339 US 255 Order of Ry Conductors of America v. Southern Ry Co

339 U.S. 255

70 S.Ct. 585

94 L.Ed. 811

ORDER OF RY. CONDUCTORS OF AMERICA
v.
SOUTHERN RY. CO.

No. 438.

Argued Feb. 8—9, 1950.

Decided April 10, 1950.

Mr. V. C. Shuttleworth, Cedar Rapids, Iowa, for petitioner.

Mr. W. Scott Mcagill, Washington, D.C., for respondent.

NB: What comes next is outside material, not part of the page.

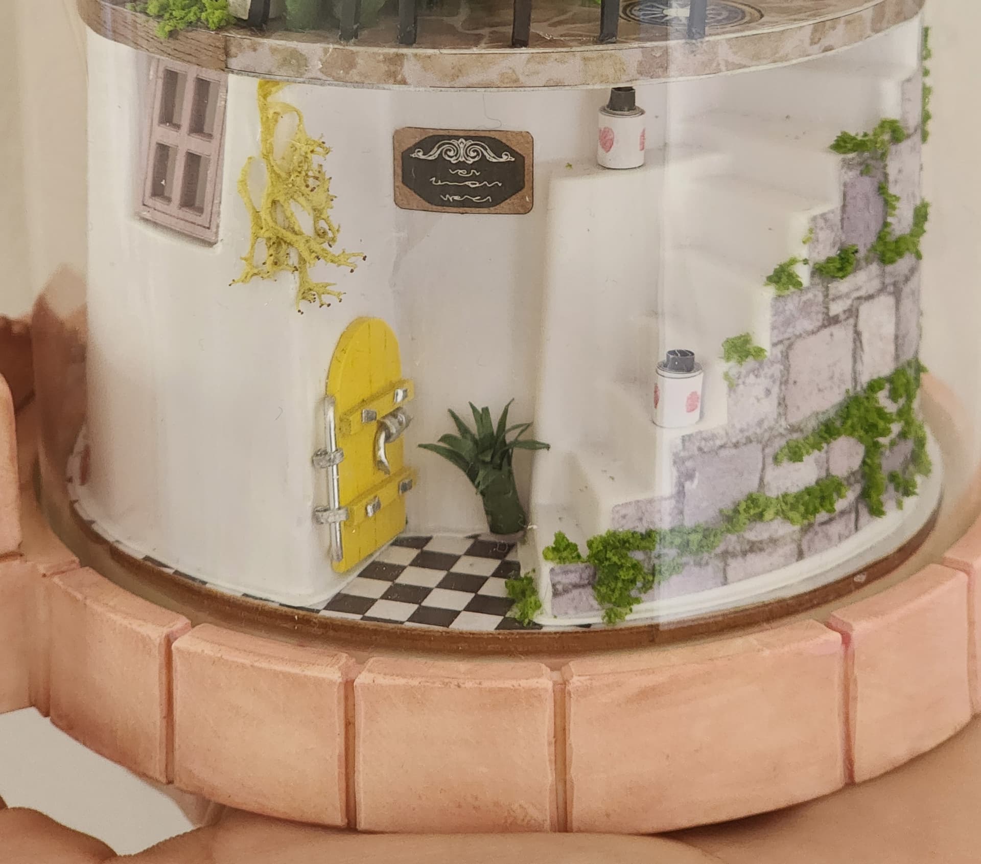 I added a few extra plants into this kit to fill spaces and just because i didnt love some of the ones that were in the kit. I didnt do much else different for this one. I added moss and way more hanging lichen that the kit called for, the one thing i did do that i absolutely love how it turned out was this window… it was supposed to be empty with just a light but with the perfect space to fill i couldnt leave it empty!

Mr. Justice BLACK delivered the opinion of the Court.

1

This case raises the same statutory question as Slocum v. Delaware, L. & W.R. Co., 339 U.S. 239, 70 S.Ct. 577. The petitioner, Order of Railway Conductors, is the only accredited bargaining representative of conductors employed by the respondent Southern Railway. A dispute arose between certain conductors and the railroad concerning the railroad's obligation under the collective-bargaining agreement to give conductors extra pay for certain services. The claims of the conductors were referred to the union, which sought by negotiation to persuade the railroad to pay. The railroad refused, and thereafter prayed a South Carolina state court for a declaratory judgment interpreting the agreement as not requiring the claimed payments. The trial court first refused to exercise jurisdiction. Citing Order of Conductors v. Pitney, 326 U.S. 561, 66 S.Ct. 322, 90 L.Ed. 318, it held that state courts, like federal courts, should leave settlement of such disputes to the National Railroad Adjustment Board. The state Supreme Court reversed, holding that the state court did have power to interpret the bargaining agreement and adjudicate the dispute. 210 S.C. 121, 41 S.E.2d 774. After a lengthy trial the lower court held that the collective agreement did not require the compensation sought by the conductors and entered the declaratory judgment requested. The Supreme Court affirmed. 215 S.C. 280, 54 S.E.2d 816.

2

For reasons set out in the Slocum case, 339 U.S. 239, 70 S.Ct. 577, we hold that the South Carolina state court was without power to interpret the terms of this agreement and adjudicate the dispute. We discuss this case separately because it sharply points up the conflicts that could arise from state court intervention in railroad-union disputes. After the railroad had sued in the state court, the union filed a petition for hearing and award before the Adjustment Board. The state court nevertheless proceeded to adjudicate the dispute. Sustaining the state court's action would invite races of diligence whenever a carrier or union preferred one forum to the other. And if a carrier or a union could choose a court instead of the Board, the other party would be deprived of the privilege conferred by § 3, First (i) of the Railway Labor Act, 48 Stat. 1191, 45 U.S.C. § 153, First (i), 45 U.S.C.A. § 153, First (i), which provides that after negotiations have failed 'either party' may refer the dispute to the appropriate division of the Adjustment Board.

3

The judgment of the South Carolina Supreme Court is reversed, and the cause is remanded for proceedings not inconsistent with this opinion.

4

It is so ordered.

5

Mr. Justice REED is of the view that the decision below should be affirmed for the reasons set out in his dissent in Slocum v. Delaware, L. & W.R. Co., 339 U.S. 239, 70 S.Ct. 577.

6

Mr. Justice DOUGLAS took no part in the consideration or decision of this case.